Этот человек, так справедливо считавшийся символом гражданской чести и литературного достоинства, не был, разумеется, политическим деятелем. Он не состоял ни в какой партии, хотя приближался по взглядам к народным социалистам. В 1917 году некоторые круги Петербурга выдвигали его кандидатуру на пост президента Российской Республики, — ведь и передовая Германия еще совсем недавно лелеяла мысль об аналогичной кандидатуре Герхарда Гауптмана. Может быть, в другой исторической обстановке, ‘через 200-300 лет’, будут возможны такие президенты республик. В наш век Людендорфов, Ллойд Джорджей и Лениных мысль о государстве Короленко способна вызвать усмешку. Так далек был внутренне Владимир Галактионович от всего того, что произошло в мире за последние восемь лет. Великая война с двойной перспективой — Дарданелл и солдатского бунта — его совершенно оглушила, из двух возможностей знаменитой столыпинской дилеммы его нисколько не привлекала ни одна: ему не нужны были ни ‘великие потрясения’ в духе 1918 года, ни ‘великая Россия’ в духе 1914-го. Но, оглушенный событиями, он все-таки повторял — без прежней, впрочем, уверенности — свое страстно любимое ‘чудесное двустишие’:
На святой Руси петухи кричат,
Скоро будет день на святой Руси.
В его искусстве — большое очарование, секрет которого трудно уловить, а определить еще труднее.

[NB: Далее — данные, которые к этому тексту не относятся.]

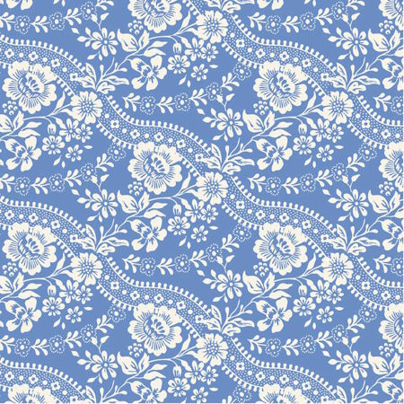 Tilda Something Blue Celeste Blue. This is a  blue fabric background with cream flowers. It is 100% cotton, 44” wide.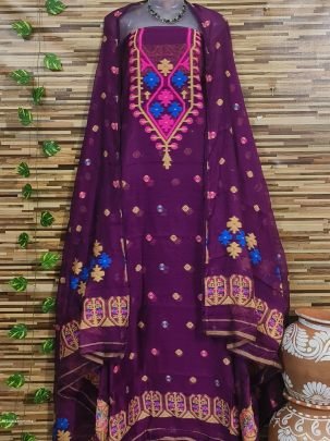 Jamdani dress material is a hand-woven material widely known for its delicate look and gentle touch. Since pure cotton is the only fabric used in it, it has quick water-absorbent quality, ideal for the sweaty summer season in India. If you want it for your textile business, buy jamdani dress material wholesale for resale in bulk from FabFunda. And if you need it to stitch a very elegant, yet stylish and comfortable ethnic outfit for yourself, choose from our wide variety of Jamdani dress material at wholesale rates. We offer jamdani dress material in different types of graceful designs, and various colors also to choose from. Contact FabFunda, India’s best Jamdani dress material wholesaler in Surat on call or WhatsApp to place your order now.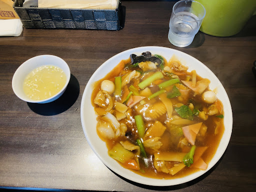 妻と二人でよく食べに来ています。おすすめはあんかけ焼きそばとチャーハンです。 あんかけ焼きそばは醤油あんの五目焼きそばと海老塩あんかけ焼きそばの二種類があります。どちらも美味しいですが私は海老塩あんかけ焼きそばがイチオシです。シンプルな旨味で濁りのない透明な塩あんはとろみぐあいも強めで、香ばしく焼いたモチモチの麺にバッチリ絡んで最高に美味しいです。プリプリ海老と野菜、タケノコにキクラゲにハムと具材もたっぷりで飽きのこない逸品ですね。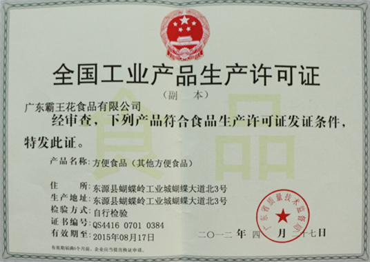 由廣東省質量技術監督局頒發的“經審查,下列產品(方便食品)符合食品生產許可證發證條件,特發此證”。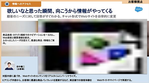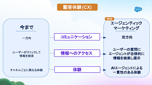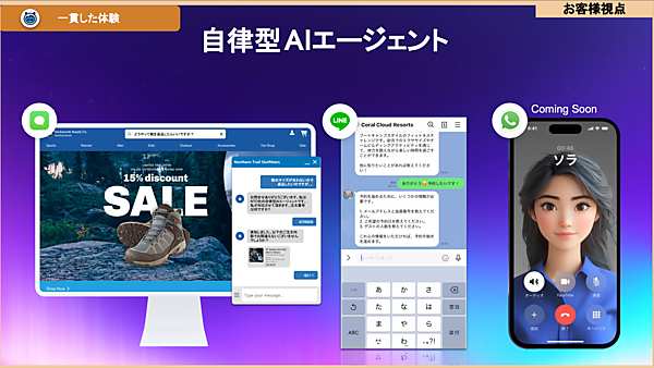 これまでは一方通行だったコミュニケーションが自然言語の会話による双方向になり、ユーザーの質問やリクエストに対してAIエージェントが自律的に情報を検索して提示できるようになります。また、チャネルごとに異なっていた体験が一貫性のある体験に変わります(島田氏)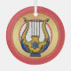 An illustration of the David's harp with a Star of David decoration. Colourful illustration for a Jesse Tree Advent Calendar. Golden foil look accent.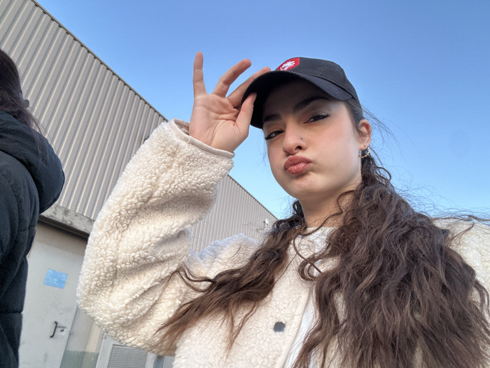 - "A young woman with long, curly brown hair, wearing a black baseball cap with a red and white logo and a cream-colored sherpa jacket, poses for a selfie" by FM-vVQbp1, licensed under CC BY 4.0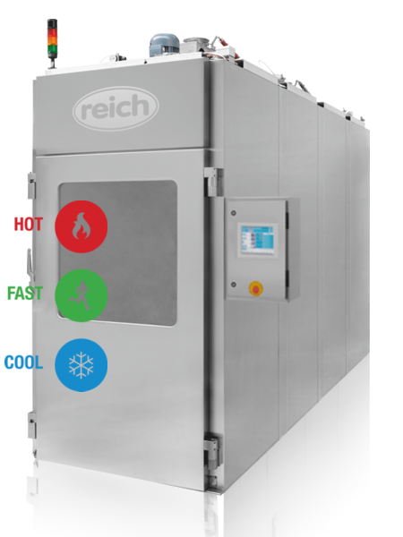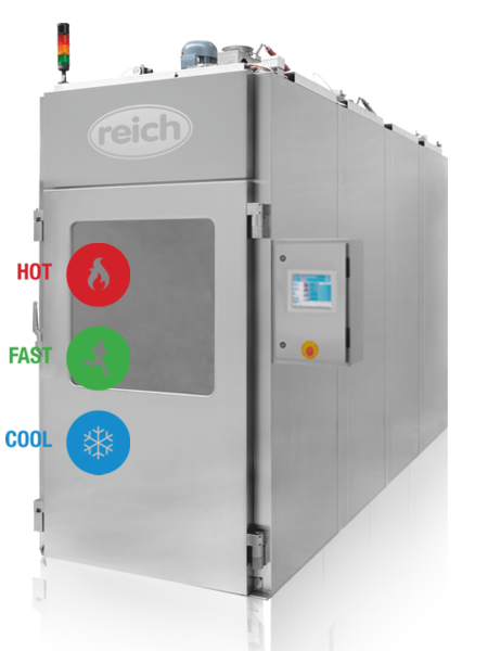 AIRMASTER® IC InterCooler работает по зарекомендовавшему себя принципу вертикальной циркуляции воздуха. При этом поток воздуха, подготовленного в верхней части установки, обтекает продукты снизу вверх. Новая система подачи воздуха гарантирует, что в любом положении в тележке камеры продукты обрабатываются равномерно и в кратчайшее время. По сравнению с конкурентами установки REICH оснащены более мощными вентиляторами и благодаря этому обеспечивают большую производительность и эффективность. По сравнению с серией UK в серии IC объем циркулирующего воздуха вырос еще больше.

Художник он был неровный — при всем своем выдающемся таланте. Некоторые его произведения — подлинные шедевры литературы, другие, как прославленный рассказ ‘Чудная’, очень слабы. В ‘Истории моего современника» есть поистине превосходные главы, но есть и такие, которые можно было бы опустить без всякого ущерба для книги. Искусству Короленко вредили достоинства его души и недостатки его школы. Он был слишком мягок, слишком любил и уважал людей, для того чтобы стать великим писателем: настоящие цари литературы, как великие исторические цари, должны быть суровы. Толстой в очень многий главах ‘Воскресения’ и ‘Хаджи-Мурата’ (не говоря о более ранних его творениях) совершенно забывал свои христианские чувства: он прокладывал свою дорогу огнем и мечом. Короленко, который никогда не выступал с проповедью противления злу добром, был неизмеримо мягче Толстого. А зла он, пожалуй, мог видеть на своем веку больше, чем Лев Николаевич. В его произведениях есть воры, картежники, убийцы, но нет ни одного подлеца. Даже в самых меланхолических его рассказах чувствуется та ‘скорбь без мучений’, которой, если верить Данте, дышит первый, самый приятный, круг Ада. Да, в сущности, и ‘скорби без мучений’ у Короленко немного. Ведь в конце его рассказов неизменно появляются ‘огоньки’ или, как говорит его Сократ: ‘Друг, свет уже мелькает’. Это, впрочем, особенность той школы, к которой принадлежал Короленко, польской литературы, которой он очень многим обязан. Но благодаря его большому таланту, однообразие ‘мягких теплых тонов’ у него утомляет меньше, чем у Пруса, Ожешко, даже чем у Сенкевича народных рассказов.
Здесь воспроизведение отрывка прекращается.